Wilcox Tech students hear from Holocaust survivor

October 31, 2017 07:38PM

MERIDEN — Students at Wilcox Technical High School learned about the Holocaust from survivor Ruth “Tutti” Lichtenstern Fishman on Monday.

Fishman recalled being held at the same concentration camp as Anne Frank, before Fishman was taken by cattle car to Theresienstadt concentration camp where she was eventually liberated by the Soviet Army.

“Fifteen thousand children passed through Theresienstadt of which 100 survived,” Fishman said. “I am one of the 100 that survived.”

Born in 1936 in Germany, Fishman’s family moved to Amsterdam when she was still a young child. When the German’s invaded Amsterdam, Fishman’s family was forced out of their home and into “Amsterdam East,” a ghetto for Jewish families.

“The round ups started without warning,” Fishman said. “Big trucks would stop in front of these apartment houses and would hurt the Jews outside.”

Soon after Fishman’s family went into hiding in the attic of a family friend. The small room had only one window, which Fishman and her brother were forbidden to go near for fear of being spotted. The family slept during the day to avoid making noise.

In 1943 her family was transported to Westerbork concentration camp, a transit camp where Jews were held before being taken to death camps in Poland.

“Anne Frank was at the camp at the same time I was,” Fishman said. “I didn’t know her. She was six years older.”

Fishman spent her days at the camp playing with other children in the yard. As time went on she noticed her friends would disappear without warning.

While at Westerbork, her father and other metal workers were able to start a scrap metal sorting operation. which allowed them to escape death. Members of the resistance would mix other metals into the sorted scrap metal in an attempt to weaken German airplanes and weapons being forged from the metal.

One day in 1944, Fishman’s father brought her a doll and placed money and other valuables inside the doll’s head, telling Fishman to keep the doll safe at all costs as the money could be used in an emergency. Fishman never let the doll out of her sight, carrying it with her into adulthood. The doll is now on display at the University of Hartford’s Holocaust exhibit.

After 9 months in Westerbork, Fishman’s family was crowded into cattle cars and taken to Theresienstadt concentration camp in the Czech Republic. During the trip, Fishman said she was in the same car as Cabaret actor Max Ehrlich, who told jokes to keep the passengers spirits up on the three day journey. Ehrlich would eventually be killed in the gas chambers at Auschwitz.

Conditions at Theresienstadt were significantly worse than Westerbork, Fishman said, with captives living on starvation rations of moldy bread and soup.

“The bugs, the illnesses were unbelievable,” Fishman said. “People died left and right.”

Fishman’s family was able to survive because her father smuggled food from the camp’s root cellar where he work, hiding vegetables in his pants.

”If he had been discovered, he would have been shot right then and there,” Fishman said.

Eventually orders were issued for all men ages 16 to 55 in the camp to be transported to Auschwitz, including her father. Fishman remembers her father leaning over and kissing her goodbye on her bunk bed. However, in a twist of fate Fishman’s father was able to avoid deportation and remain at the camp after showing guards his passport, which distinguished him as a skilled laborer. The Soviet Union liberated the camp in May 1945.

Fishman’s story is dramatized in the novel “Tutti’s Promise,” a fictional account by her daughter Heidi FIshman. Heidi Fishman told students that while the Holocaust may seem like a distant part of the history, the atrocities carried out are the consequences of discrimination.

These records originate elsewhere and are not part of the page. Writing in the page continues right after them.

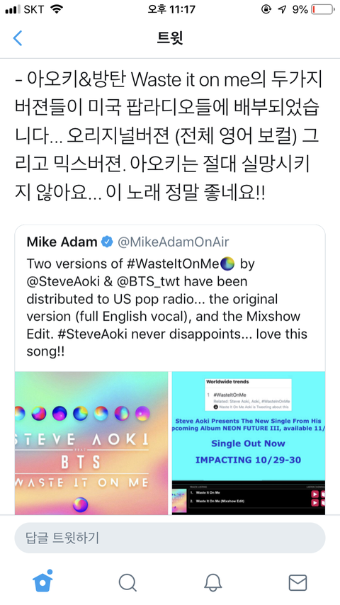 오리지널 버전하고 믹스버전 2가지가 미국 팝라디오에 배포됐대!!!!
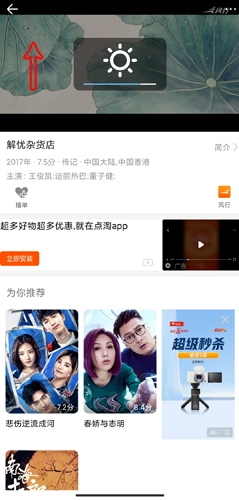 用户打开视频后,可通过上下滑动手指调节亮度,向上滑动亮度增加,向下滑动亮度降低。
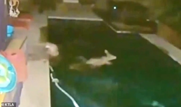 تمكنت غزالة في ولاية كاليفورنيا من إنقاذ حياتها بالغطس في حمام سباحة اثناء هربها من أسد بري جائع.
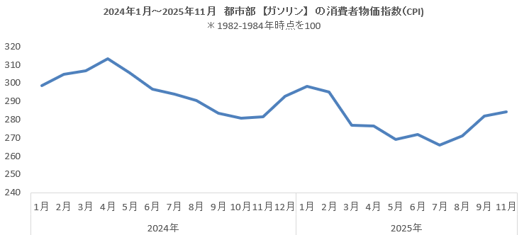 ガソリンでは、2025年11月のCPIは284で、対昨年同月比で0.9%上昇。2025年春から夏にかけて下降したが、8月以降上昇に転じている(2024年1月~2025年11月間の月次平均変動率0.2%減少)。

“As soon as we look at someone else and see them as an other or less than ourselves, we have a problem,” Heidi Fishman told students. “That is why we study the Holocaust.”

Wilcox Senior Ashley Gudrian said hearing Fishman tell her story was eye-opening.

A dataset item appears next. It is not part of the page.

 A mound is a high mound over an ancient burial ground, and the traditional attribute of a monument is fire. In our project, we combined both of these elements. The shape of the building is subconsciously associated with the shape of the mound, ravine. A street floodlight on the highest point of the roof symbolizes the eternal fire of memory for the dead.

“It wasn’t just a story you hear in history,” said Gudrian. “That was real.”

“It was like, wow, she lived it,”  Senior Brook Agro said.

The program was organized by English teacher MIchelle Amann-Wojenski and library media specialist Santina Scalia , who attended the U.S. Holocaust Memorial Musuem’s 2017 Belfer National Conference for Educators in Washington D.C. this summert.

“I think it was a very important experience to hear the holocaust survivors story in her own words,” Amann-Wojenski said. “This will be an experience they will never forget.”

In a short question and answer period after Fishman’s story, one student asked Fishman how she was able to lead a normal life after the war.

”I believe your inner feelings, hate and not being able to forgive, can cause cancer and all all sorts of terrible things,” Fishman said. “You have to be able to move on. I have not forgotten, but I have forgiven.”